The example below shows that the combination of the invention also leads to better results in the so-called Char test in the case of combinations of PPE and polystyrene with high impact strength, indicated in the table below as HIPS. Also, for comparison, tests are carried out with the HIPS as the only polymeric component.

Parts by weight PPE 50 50 30 30 0 0 0 HIPS 50 50 70 70 100 100 100 PVDF 2 2 2 5 B2O3 2 2 2 5

Char (%) 18 30 8 23 0 1 3

It can be seen from the table that even with a predominantly HIPS combination of PPE and HIPS, the present fire retardant combination showed a marked effect, whereas this was not the case with the HIPS as the only polymer component. The effect of the fire-retardant combination therefore appears to be linked to the presence of a certain minimum content of PPE in the polymer component; this minimum is about 20%.

Claims (6)

2. Material according to claim 1, characterized in that the fluorinated polymer or cc polymer is an incompletely fluorinated polymer or copolymer.

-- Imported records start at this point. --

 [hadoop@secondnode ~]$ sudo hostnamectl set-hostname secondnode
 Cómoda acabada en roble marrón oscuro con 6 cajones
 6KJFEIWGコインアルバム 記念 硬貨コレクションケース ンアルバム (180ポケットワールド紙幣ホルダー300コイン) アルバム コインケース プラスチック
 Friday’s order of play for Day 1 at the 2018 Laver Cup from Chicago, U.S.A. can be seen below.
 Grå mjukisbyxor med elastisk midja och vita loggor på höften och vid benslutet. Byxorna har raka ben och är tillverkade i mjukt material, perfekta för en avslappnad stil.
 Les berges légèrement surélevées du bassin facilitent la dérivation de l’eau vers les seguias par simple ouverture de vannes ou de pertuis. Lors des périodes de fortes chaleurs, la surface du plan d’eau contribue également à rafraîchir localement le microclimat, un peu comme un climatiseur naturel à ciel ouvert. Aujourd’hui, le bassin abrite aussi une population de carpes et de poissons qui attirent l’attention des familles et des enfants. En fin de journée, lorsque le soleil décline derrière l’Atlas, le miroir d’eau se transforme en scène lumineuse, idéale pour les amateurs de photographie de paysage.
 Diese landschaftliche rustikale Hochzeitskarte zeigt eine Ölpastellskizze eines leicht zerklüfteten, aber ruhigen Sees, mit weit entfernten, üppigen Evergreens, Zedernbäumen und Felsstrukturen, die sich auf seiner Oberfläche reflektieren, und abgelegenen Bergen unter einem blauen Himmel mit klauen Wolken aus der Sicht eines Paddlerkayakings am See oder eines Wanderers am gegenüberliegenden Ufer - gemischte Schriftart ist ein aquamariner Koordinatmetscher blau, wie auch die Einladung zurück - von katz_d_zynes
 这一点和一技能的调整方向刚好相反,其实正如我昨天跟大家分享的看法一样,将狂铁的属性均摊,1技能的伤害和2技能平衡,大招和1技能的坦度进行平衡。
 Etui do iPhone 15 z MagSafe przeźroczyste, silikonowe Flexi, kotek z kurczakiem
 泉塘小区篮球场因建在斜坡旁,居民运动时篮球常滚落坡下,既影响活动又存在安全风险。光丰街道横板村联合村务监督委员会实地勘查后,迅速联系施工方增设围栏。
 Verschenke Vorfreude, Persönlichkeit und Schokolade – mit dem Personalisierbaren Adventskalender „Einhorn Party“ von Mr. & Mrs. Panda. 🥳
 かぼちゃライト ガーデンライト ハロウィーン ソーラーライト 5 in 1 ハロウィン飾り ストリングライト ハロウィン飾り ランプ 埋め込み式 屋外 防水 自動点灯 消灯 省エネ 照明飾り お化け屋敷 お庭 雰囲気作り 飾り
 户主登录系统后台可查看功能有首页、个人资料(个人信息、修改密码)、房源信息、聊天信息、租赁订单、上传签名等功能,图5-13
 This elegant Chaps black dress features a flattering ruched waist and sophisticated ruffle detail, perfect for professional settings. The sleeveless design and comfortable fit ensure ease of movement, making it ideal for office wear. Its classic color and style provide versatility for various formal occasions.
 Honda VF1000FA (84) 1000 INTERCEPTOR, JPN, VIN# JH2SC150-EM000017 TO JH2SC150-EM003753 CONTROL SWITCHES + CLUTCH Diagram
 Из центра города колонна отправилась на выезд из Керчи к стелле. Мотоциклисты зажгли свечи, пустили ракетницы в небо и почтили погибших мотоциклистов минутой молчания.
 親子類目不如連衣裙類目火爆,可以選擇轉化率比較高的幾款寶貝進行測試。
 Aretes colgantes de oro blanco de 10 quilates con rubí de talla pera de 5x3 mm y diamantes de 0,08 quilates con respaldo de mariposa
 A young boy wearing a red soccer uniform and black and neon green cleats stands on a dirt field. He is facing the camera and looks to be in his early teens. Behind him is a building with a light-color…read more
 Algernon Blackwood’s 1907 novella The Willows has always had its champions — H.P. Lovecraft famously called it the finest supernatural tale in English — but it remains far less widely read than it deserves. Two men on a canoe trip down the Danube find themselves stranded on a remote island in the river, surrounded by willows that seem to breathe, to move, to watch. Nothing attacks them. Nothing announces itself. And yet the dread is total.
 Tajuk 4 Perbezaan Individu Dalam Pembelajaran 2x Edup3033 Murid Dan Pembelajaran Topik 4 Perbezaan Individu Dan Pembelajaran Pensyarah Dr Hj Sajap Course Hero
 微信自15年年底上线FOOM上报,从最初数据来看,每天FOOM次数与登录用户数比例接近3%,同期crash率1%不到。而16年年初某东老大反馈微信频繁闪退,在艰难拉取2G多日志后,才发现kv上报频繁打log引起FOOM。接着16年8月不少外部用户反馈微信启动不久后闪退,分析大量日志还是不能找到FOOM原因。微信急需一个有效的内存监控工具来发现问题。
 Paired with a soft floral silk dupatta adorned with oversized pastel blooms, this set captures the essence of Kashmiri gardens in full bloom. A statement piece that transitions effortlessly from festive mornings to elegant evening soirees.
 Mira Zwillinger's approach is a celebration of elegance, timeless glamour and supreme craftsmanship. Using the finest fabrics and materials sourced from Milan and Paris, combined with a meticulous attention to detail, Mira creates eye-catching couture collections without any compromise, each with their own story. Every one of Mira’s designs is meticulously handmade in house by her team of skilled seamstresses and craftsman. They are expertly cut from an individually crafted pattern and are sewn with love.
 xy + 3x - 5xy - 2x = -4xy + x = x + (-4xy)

Material according to claim 2, characterized in that the incompletely fluorinated polymer is polyvinylidene Netflixaride or a cc polymer of ethylene and tetrafluoroethylene. 4. The material according to claim 3, characterized in that the fire retardant is a phosphation of 0.2-3% by weight of polyvinylidene fluoride and 0.2-3% by weight of 1% or borate. Material according to claim 1, characterized in that the fluorinated polymer or cc polymer is a fully fluorinated polymer or cc polymer. The material according to claim 5, characterized in that the fully fluorinated polymer is polytetrafluoroethylene. Material according to claim 6, characterized in that the fire retardant is a combination of 3-7% by weight polytetrafluoroethylene and 1.5-3.5% by weight B2O3 or borate.